### EXERCISE DATA
━━━━
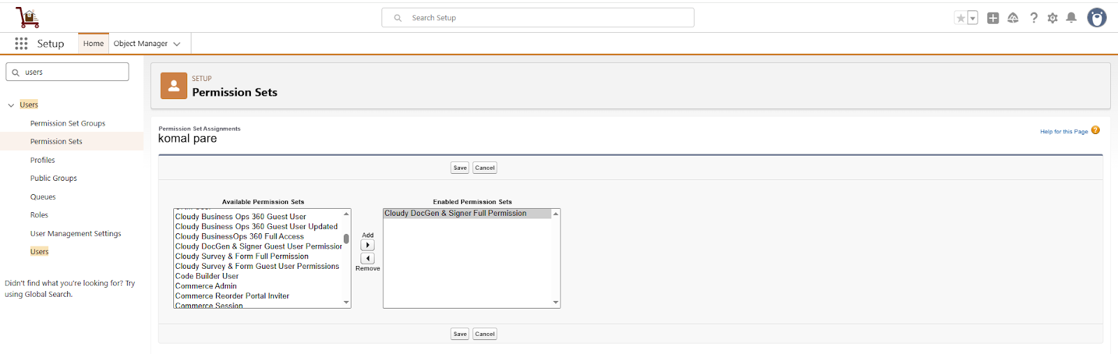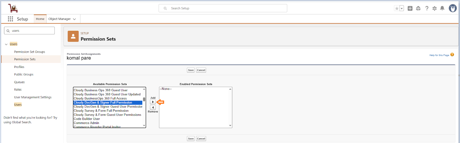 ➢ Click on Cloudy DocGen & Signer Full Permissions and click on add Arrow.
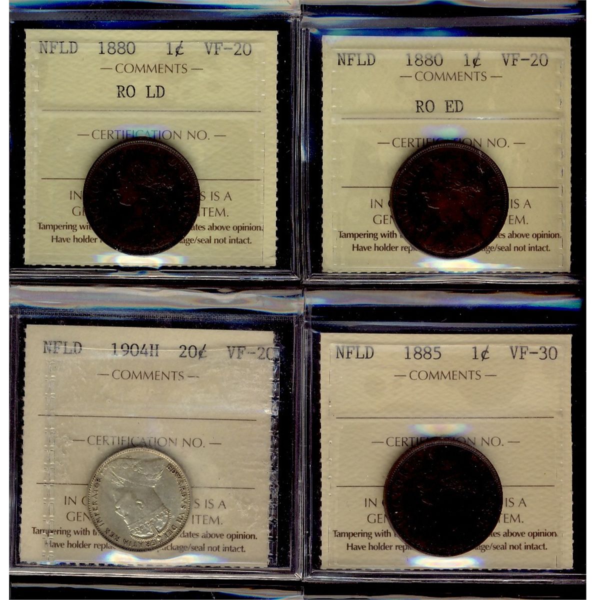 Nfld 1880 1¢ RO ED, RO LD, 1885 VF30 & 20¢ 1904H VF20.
━━━━
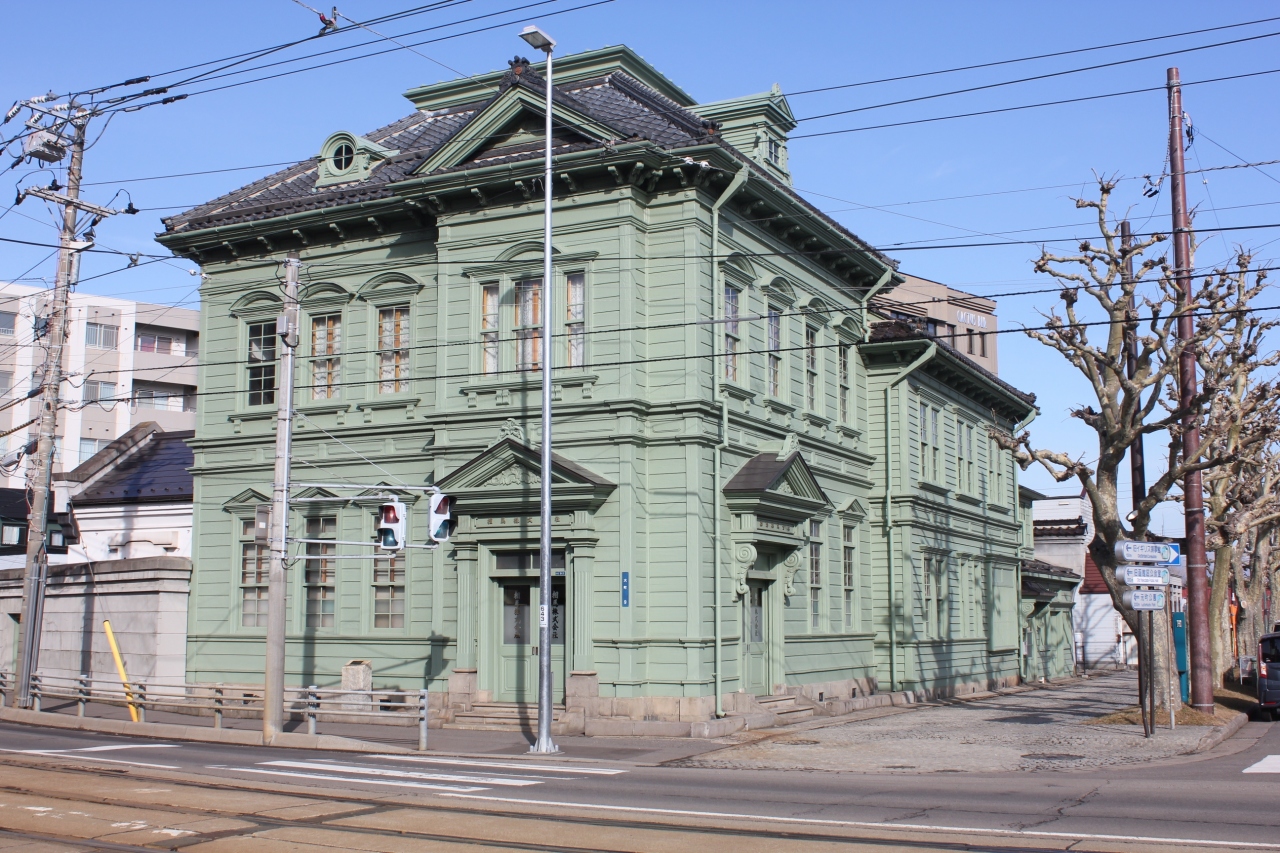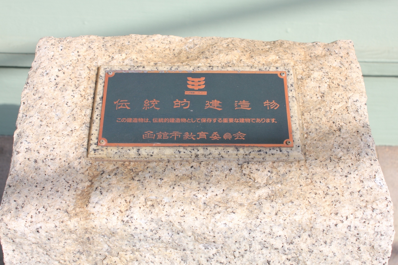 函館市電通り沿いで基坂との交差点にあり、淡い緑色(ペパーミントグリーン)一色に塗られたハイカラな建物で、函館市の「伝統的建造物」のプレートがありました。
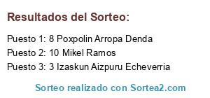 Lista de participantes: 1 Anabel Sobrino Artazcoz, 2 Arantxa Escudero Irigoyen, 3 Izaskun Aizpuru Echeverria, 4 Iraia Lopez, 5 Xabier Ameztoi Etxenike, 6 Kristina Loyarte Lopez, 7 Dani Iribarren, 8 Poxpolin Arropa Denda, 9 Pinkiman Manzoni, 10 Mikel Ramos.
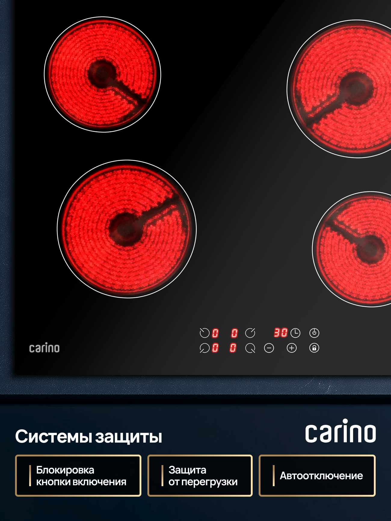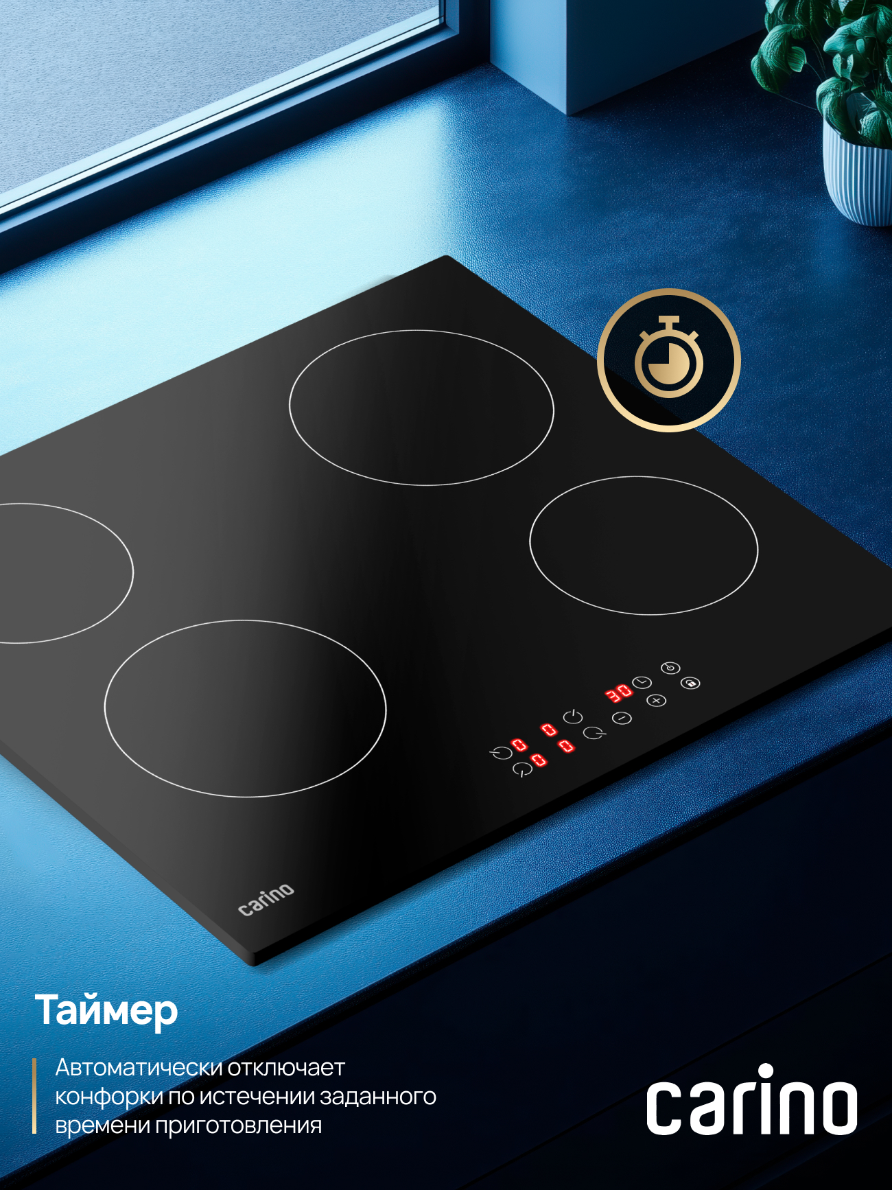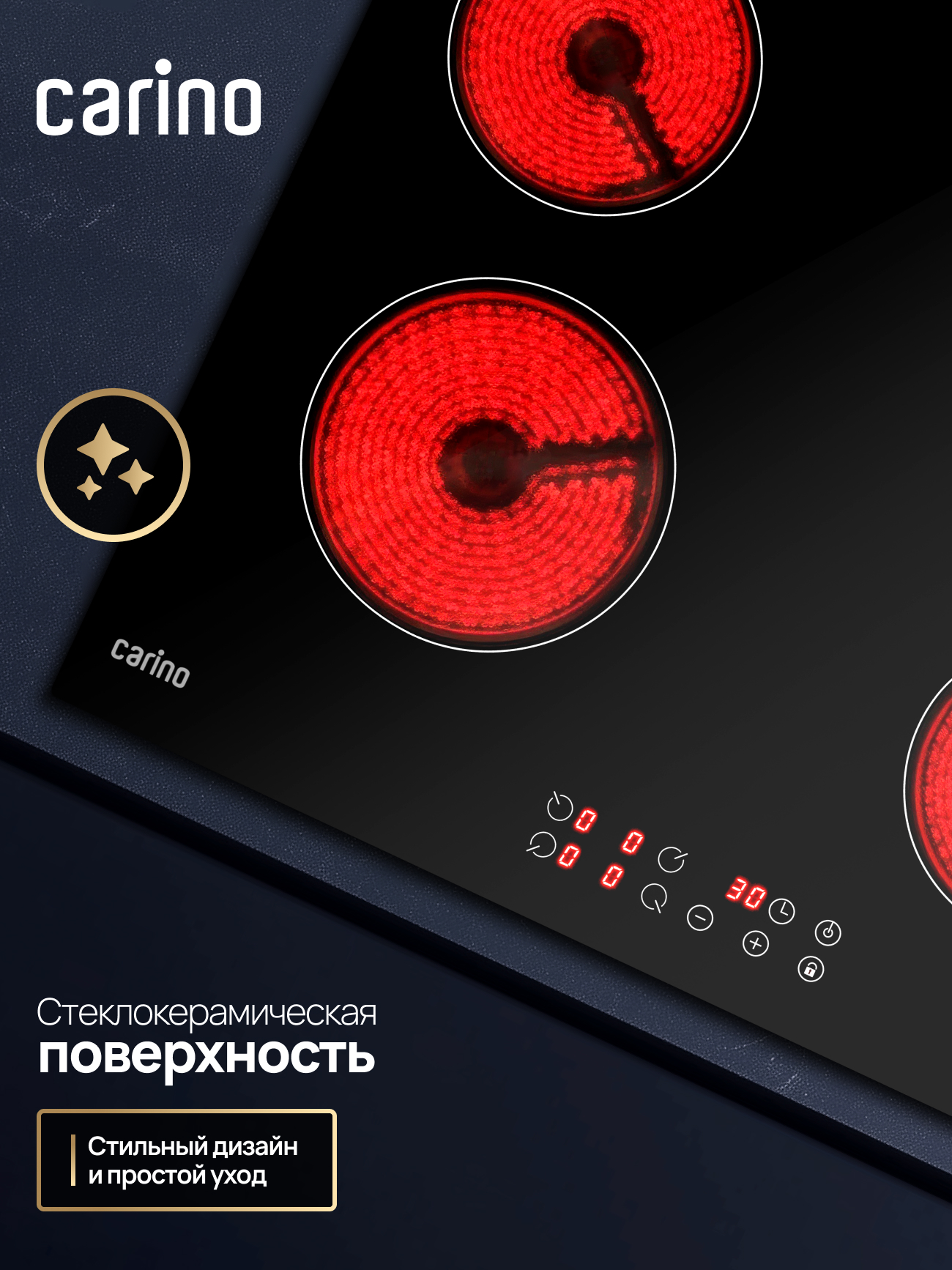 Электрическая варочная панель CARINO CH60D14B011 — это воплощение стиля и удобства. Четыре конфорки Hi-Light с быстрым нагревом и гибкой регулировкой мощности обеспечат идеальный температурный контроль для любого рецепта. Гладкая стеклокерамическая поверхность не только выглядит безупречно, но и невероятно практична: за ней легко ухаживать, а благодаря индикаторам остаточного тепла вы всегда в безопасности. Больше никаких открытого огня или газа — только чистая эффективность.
━━━━
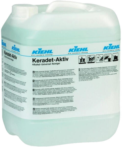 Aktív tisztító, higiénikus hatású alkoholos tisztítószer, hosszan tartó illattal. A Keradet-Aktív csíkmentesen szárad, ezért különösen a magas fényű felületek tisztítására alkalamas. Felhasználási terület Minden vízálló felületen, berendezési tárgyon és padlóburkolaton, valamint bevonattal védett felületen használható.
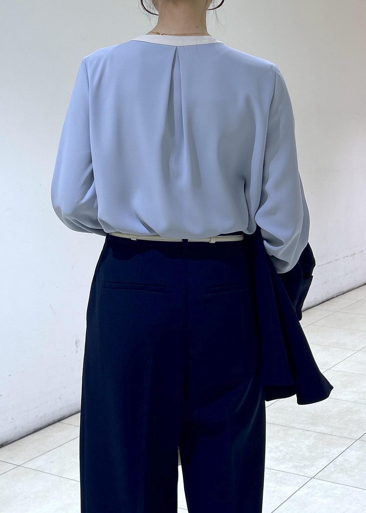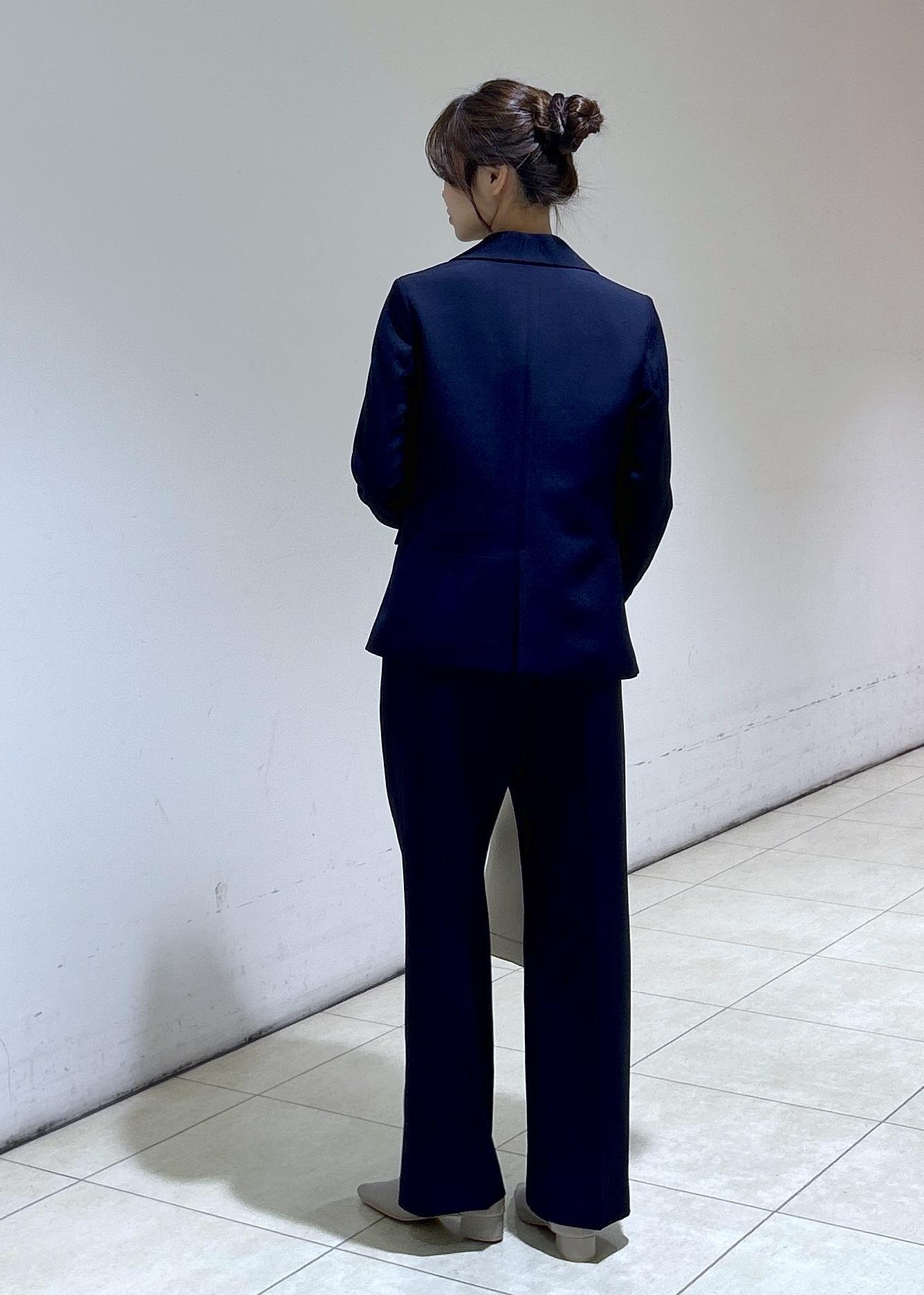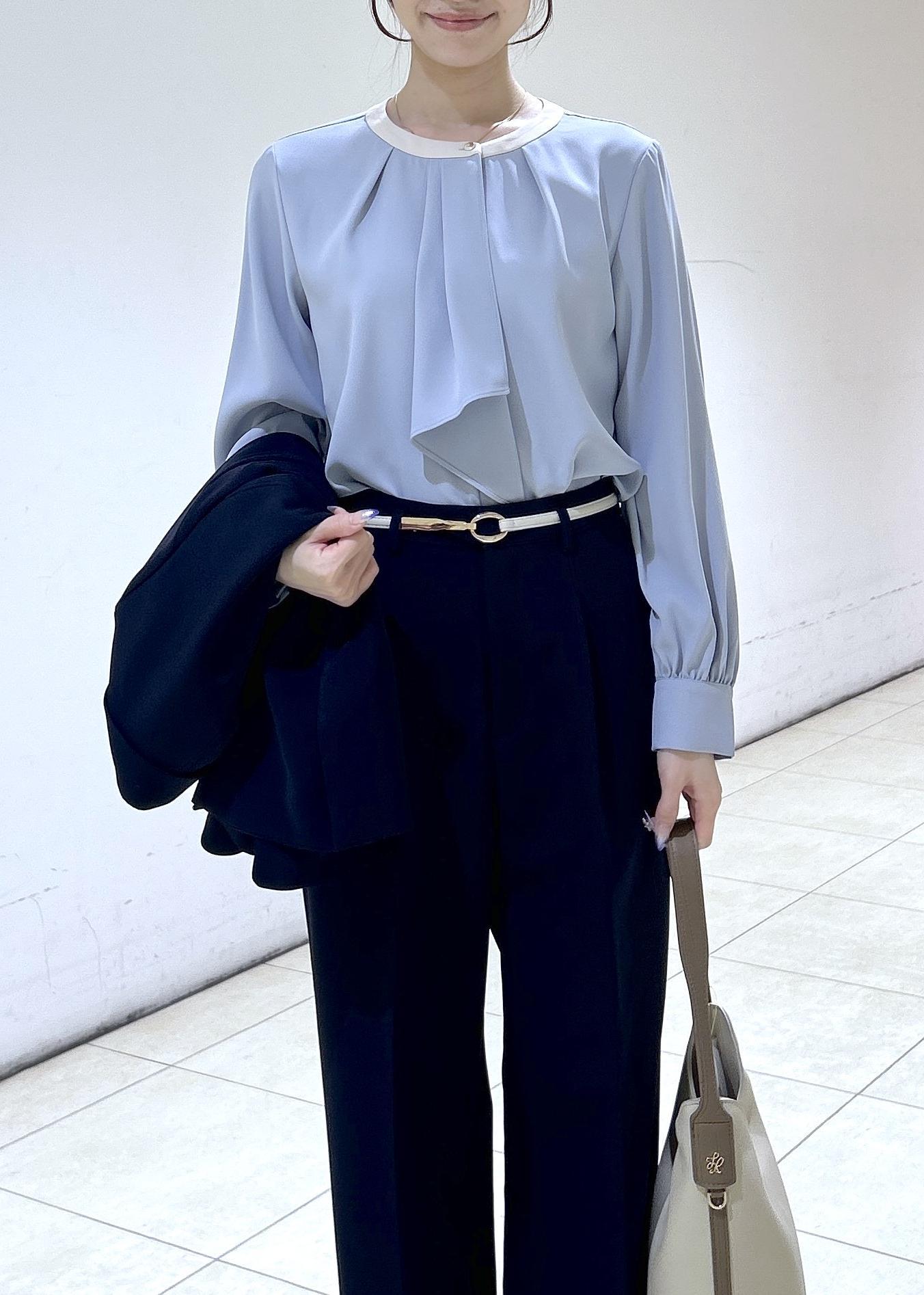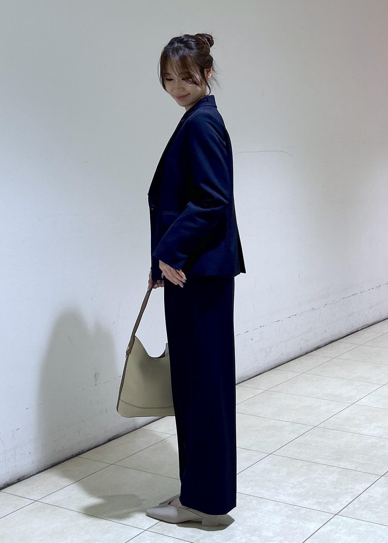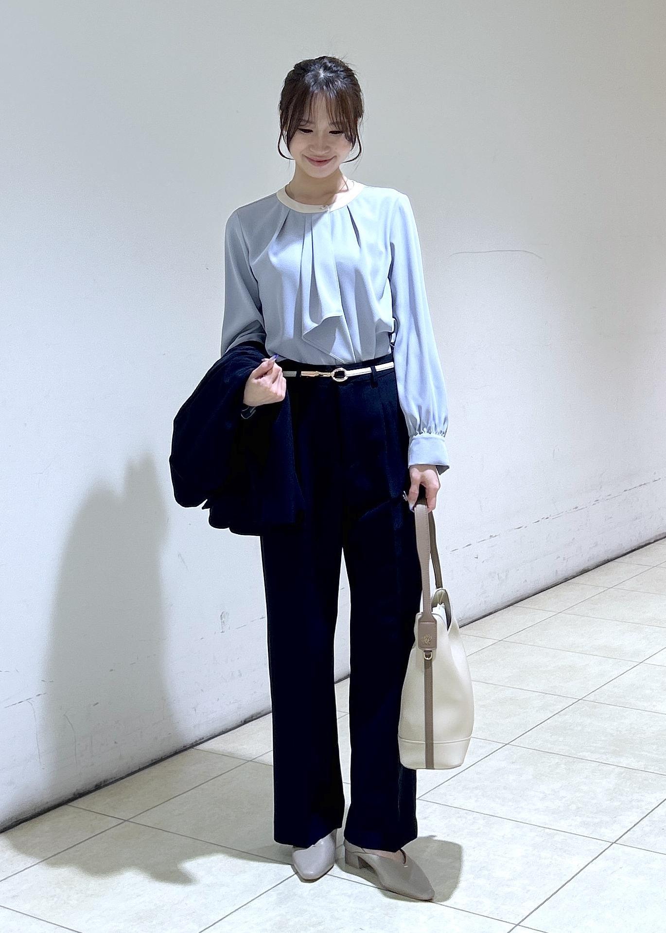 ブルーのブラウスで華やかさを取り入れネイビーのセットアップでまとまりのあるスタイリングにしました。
━━━━
### DIRECTIONS
Here the job is to copy the stretch of records from the line containing "Aktív tisztító, higiénikus" through the line containing "ブルーのブラウスで華やかさを", word for word. Leave every picture out.

### ANSWER BOX
 Aktív tisztító, higiénikus hatású alkoholos tisztítószer, hosszan tartó illattal. A Keradet-Aktív csíkmentesen szárad, ezért különösen a magas fényű felületek tisztítására alkalamas. Felhasználási terület Minden vízálló felületen, berendezési tárgyon és padlóburkolaton, valamint bevonattal védett felületen használható.
 ブルーのブラウスで華やかさを取り入れネイビーのセットアップでまとまりのあるスタイリングにしました。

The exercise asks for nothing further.